蒼海と黒獣の盟約

パンチ☆太郎

第一章 流れ者と封印獣

潮の匂いがする風が吹いた。南方の港町アゼリオ。かつて栄えた交易の拠点も、いまでは魔王軍の脅威と内乱の影響で、荒れた酒場と錆びた船しか残っていなかった。


 その片隅の、壊れた波止場に、一人の少女が立っていた。


 「来い、エンゴルム」


 少女の足元に、黒い影が現れ、やがてそれは巨大な狼の姿を取った。黒獣(こくじゅう)エンゴルム——異界より呼び出された魔獣である。


 少女の名はユラ。かつて王都で“魔獣使い”と恐れられ、魔王討伐の鍵とされながら、その力を危険視され追放された存在だった。

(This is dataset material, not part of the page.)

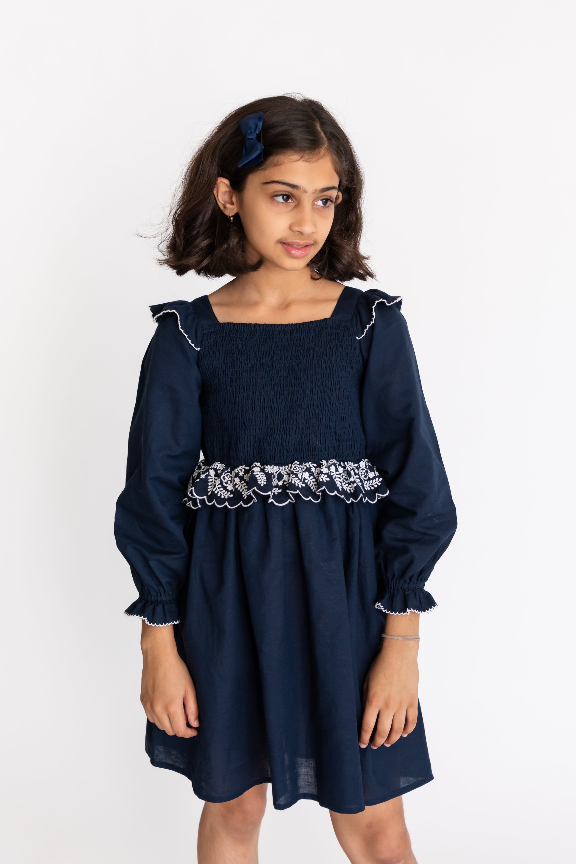 Our Voila smocked is an adorable smocked dress with white coloured embroidery. The dress features a fitted bodice with a gathered skirt and long sleeve detail. Perfect for any occasion. The waist band ruffle is adorned with elegant embroidery and sleeves and shoulder has contrasting picotting detailing to make this dress a perfect evening wear.

 彼女が目を細める先に、一隻の船が港に入ってきた。帆に描かれていたのは、白骨のドクロと三本の剣。


 「……来たな、海賊王バルタ」


 船が接岸すると、豪快な笑い声とともに一人の男が降り立った。全身を傷と刺青で飾った巨漢。左腕は義手の銃、背中には大波を切り裂く大剣。


 「ユラ、お前から連絡が来るとは思わなかったぜ。てっきり、魔王に媚び売ってると思ってた」


 「それはあなたでしょ、バルタ。海賊稼業でどれだけ魔王軍と取引した?」


 「それも終わりさ。俺の船を沈めたのは魔王の副官血塗れの艦隊。部下を殺られちゃあ黙ってられねぇ」


 ふたりの視線が重なる。利害は一致した。


 「私の魔獣と、あなたの艦隊。力を合わせれば、魔王の城まで行ける」


 「だったら……手を組もうじゃねぇか」


 波の音に混じって、遠く空が鳴った。東の空に、黒い火柱が上がる。魔王軍による町の襲撃だ。


 「急ぎましょう、バルタ。魔王は“世界の書き換え”を始めている」


 「世界の、書き換え……?」


 「人の魂を“ページ”に変え、世界を自分の望む物語に書き換える魔導。完成すれば、我々は……存在ごと消される」


 海賊とモンスター使い。異なる罪を背負い、追われる者たちの、世界を懸けた戦いが今、始まる——。